Obama busca evitar el "abismo fiscal"

Demócratas y republicanos intentan llegar a un acuerdo
WASHINGTON.- Uno de los grandes temas ausentes de la campaña electoral norteamericana, el llamado "abismo fiscal", compuesto por una serie de recortes al presupuesto y alzas impositivas que podrían entrar en vigor en enero, comenzó ayer a ser el eje de una pulseada entre legisladores demócratas y republicanos.

El presidente Barack Obama busca reunir apoyo en el Congreso para lograr un alza de impuestos a los ricos (los que ganan más de 250.000 dólares anuales), mientras que los republicanos sostienen que eso devastará a los "creadores de empleo".

Pero lo cierto es que si no se logra un acuerdo en las próximas siete semanas entrará en vigor el drástico plan acordado en agosto de 2011, con recortes de gastos estatales y aumentos de impuestos por un total de 600.000 millones de dólares.

Los futuros de las acciones estadounidenses caían ayer ante la preocupación de que si no se llega a un consenso el país más rico del mundo podría caer en la recesión.

Y las repercusiones por este debate se extienden incluso más allá del territorio norteamericano.

El grueso de las monedas latinoamericanas operan esta semana con una tendencia a la baja porque los inversores buscan activos más seguros ante la incertidumbre sobre si Estados Unidos podrá evitar un fuerte ajuste fiscal.

Búsqueda de apoyo

En busca de apoyo para su plan de concentrar el esfuerzo en el aumento de los impuestos a los más ricos, Obama se reunió ayer con los líderes de las organizaciones sindicales y hoy lo hará con los directores de grandes empresas.

El objetivo es aprovechar el impulso de la reelección y las actuales dificultades que tiene el Partido Republicano en la búsqueda de un nuevo camino tras la derrota electoral.

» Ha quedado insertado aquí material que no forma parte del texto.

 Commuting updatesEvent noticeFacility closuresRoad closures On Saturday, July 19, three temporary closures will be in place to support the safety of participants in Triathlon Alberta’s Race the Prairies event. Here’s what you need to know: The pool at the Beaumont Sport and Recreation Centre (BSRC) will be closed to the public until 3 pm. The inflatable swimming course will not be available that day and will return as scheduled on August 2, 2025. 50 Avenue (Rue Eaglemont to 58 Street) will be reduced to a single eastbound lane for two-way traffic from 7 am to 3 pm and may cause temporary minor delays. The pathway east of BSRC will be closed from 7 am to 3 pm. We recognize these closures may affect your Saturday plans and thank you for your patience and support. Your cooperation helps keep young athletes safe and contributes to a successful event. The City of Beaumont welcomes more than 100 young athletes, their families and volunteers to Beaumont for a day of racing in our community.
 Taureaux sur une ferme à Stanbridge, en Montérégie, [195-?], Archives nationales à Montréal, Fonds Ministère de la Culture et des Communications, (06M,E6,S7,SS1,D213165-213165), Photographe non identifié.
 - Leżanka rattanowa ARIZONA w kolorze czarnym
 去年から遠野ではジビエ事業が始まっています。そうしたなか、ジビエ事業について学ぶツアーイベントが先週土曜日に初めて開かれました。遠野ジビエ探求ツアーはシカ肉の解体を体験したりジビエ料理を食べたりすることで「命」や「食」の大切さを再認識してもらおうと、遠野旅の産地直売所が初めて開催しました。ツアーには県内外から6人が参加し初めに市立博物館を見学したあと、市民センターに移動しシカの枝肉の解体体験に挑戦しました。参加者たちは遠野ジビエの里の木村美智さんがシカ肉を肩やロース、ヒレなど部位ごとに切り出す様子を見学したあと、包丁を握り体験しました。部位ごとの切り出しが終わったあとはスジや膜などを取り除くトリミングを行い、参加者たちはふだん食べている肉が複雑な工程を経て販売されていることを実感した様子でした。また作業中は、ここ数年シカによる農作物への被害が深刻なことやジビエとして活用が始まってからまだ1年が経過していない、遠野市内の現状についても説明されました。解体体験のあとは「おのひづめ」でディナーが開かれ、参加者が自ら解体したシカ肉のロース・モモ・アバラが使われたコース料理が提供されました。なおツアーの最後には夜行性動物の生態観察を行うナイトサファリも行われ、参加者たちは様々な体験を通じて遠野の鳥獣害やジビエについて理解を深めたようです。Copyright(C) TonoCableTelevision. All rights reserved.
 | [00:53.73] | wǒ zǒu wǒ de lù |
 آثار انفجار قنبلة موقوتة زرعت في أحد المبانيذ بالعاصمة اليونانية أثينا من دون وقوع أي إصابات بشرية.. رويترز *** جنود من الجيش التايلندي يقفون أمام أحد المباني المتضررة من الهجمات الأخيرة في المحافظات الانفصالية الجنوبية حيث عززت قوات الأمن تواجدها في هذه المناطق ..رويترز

La Casa Blanca también habría organizado algunas misiones del presidente fuera de Washington, siempre con el objetivo de promover su plan y presionar al Partido Republicano, que tiene la mayoría en la Cámara de Representantes, mientras los demócratas dominan el Senado.

El plan de Obama prevé reducir el déficit fiscal de cuatro billones de dólares en diez años, sobre todo con nuevos impuestos por 1,5 billones, subiendo la alícuota del 35 al 39,6% de los ingresos personales superiores a 200.000 dólares al año y sobre los familiares por sobre 250.000 dólares.

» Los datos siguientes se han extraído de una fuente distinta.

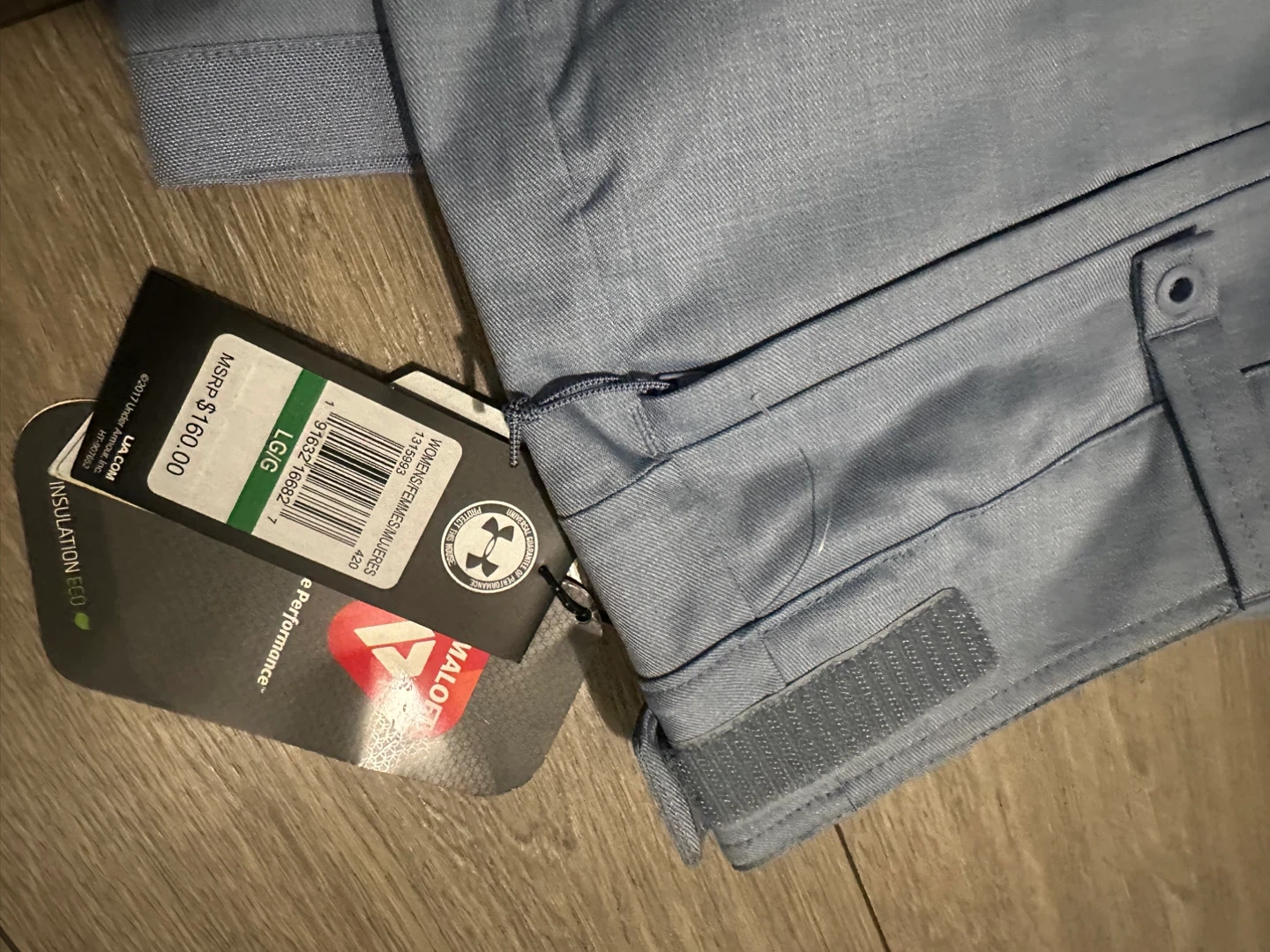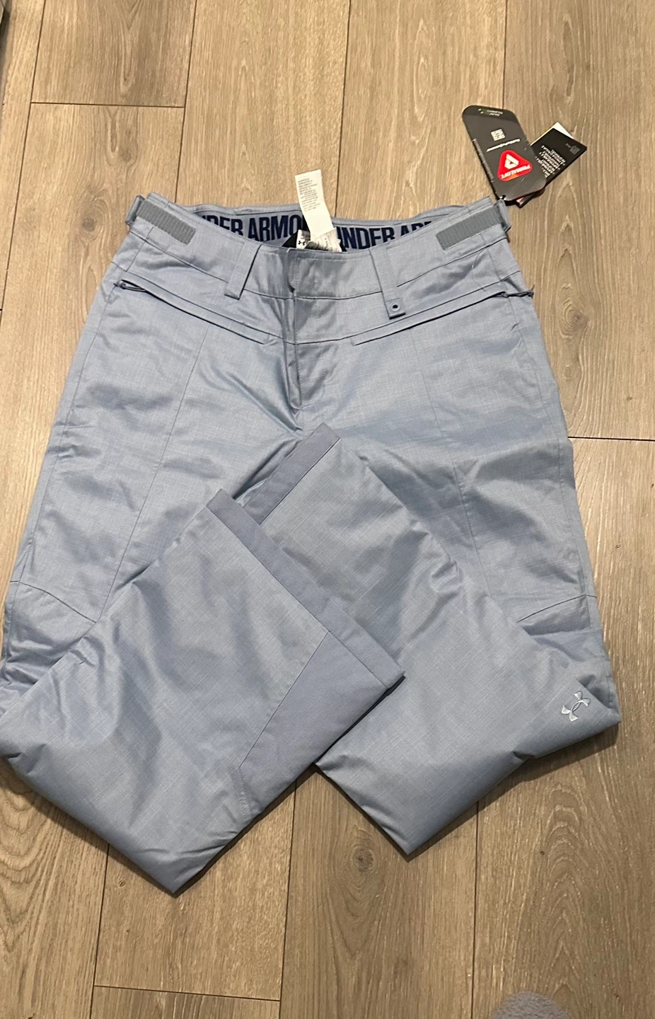 Women's Under Armour pants designed for cold weather activities. They feature ColdGear Infrared technology and insulation for warmth. The size is L, and the color is a light blue.
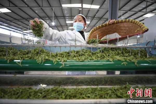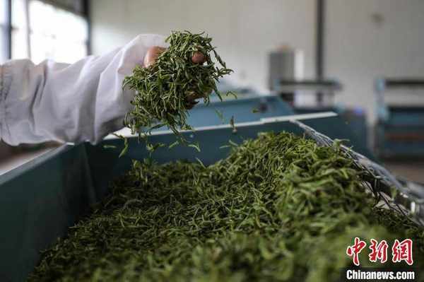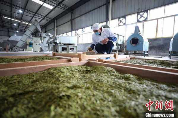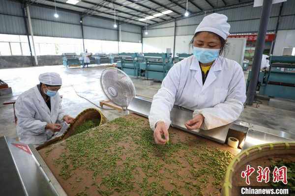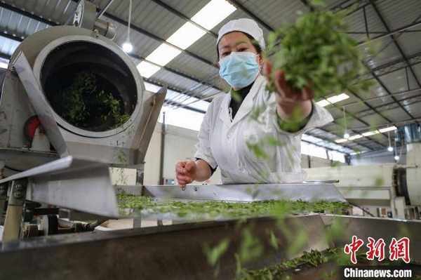 時下,貴州省遵義市鳳岡縣的茶園進入明前茶采摘、加工忙碌期,當地茶企忙於加工明前茶供應市場,車間一派繁忙景象。
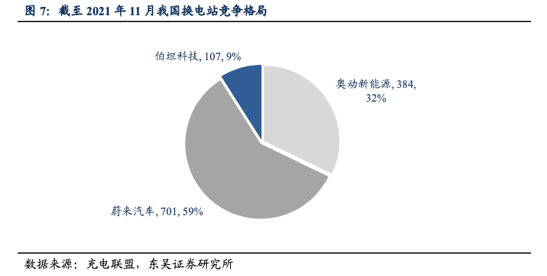 据东吴证券,截至2021年11月,蔚来和奥动新能源换电站的建设规模分别为701座和384座,伯坦科技以107座排名第三。
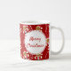 Tasse mit einem lächelnden Lebkuchen Sankt und Zuckerstangemuster und die Wörter "frohe Weihnachten". Die Wörter können als Sie besonders angefertigt werden mögen.
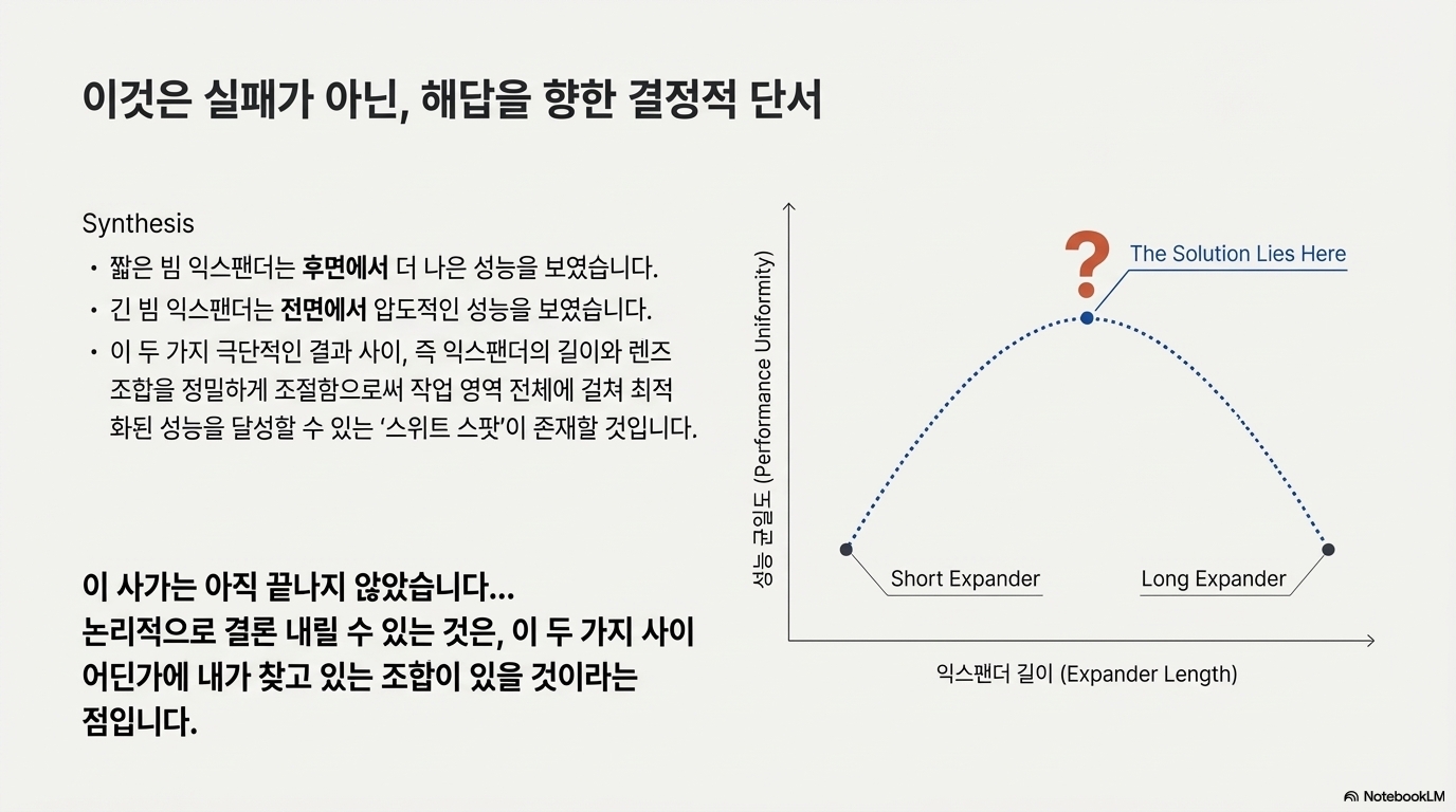 이러한 관점의 전환은 매우 중요합니다. '비성공'은 최종 목표를 달성하지는 못했지만, 그 과정에서 무엇이 효과가 있고 없는지에 대한 귀중한 데이터를 제공했음을 의미하기 때문입니다. 기계 앞쪽에서 성공한 설정과 뒤쪽에서 성공한 설정, 이 두 가지 상반된 '비성공'은 최종 해결책이 "이 두 극단 사이 어딘가에" 존재한다는 명확한 방향을 제시합니다.

Esta medida aportaría 440.000 millones de dólares en diez años.

Por su parte, la cúpula del Partido Republicano parece haber suavizado sus posiciones respecto de las sostenidas durante la campaña electoral, admitiendo en los últimos días que el aumento de impuestos podría ser parte de un acuerdo. Pero el consenso todavía está lejos y la fecha de vencimiento es el próximo 2 de enero.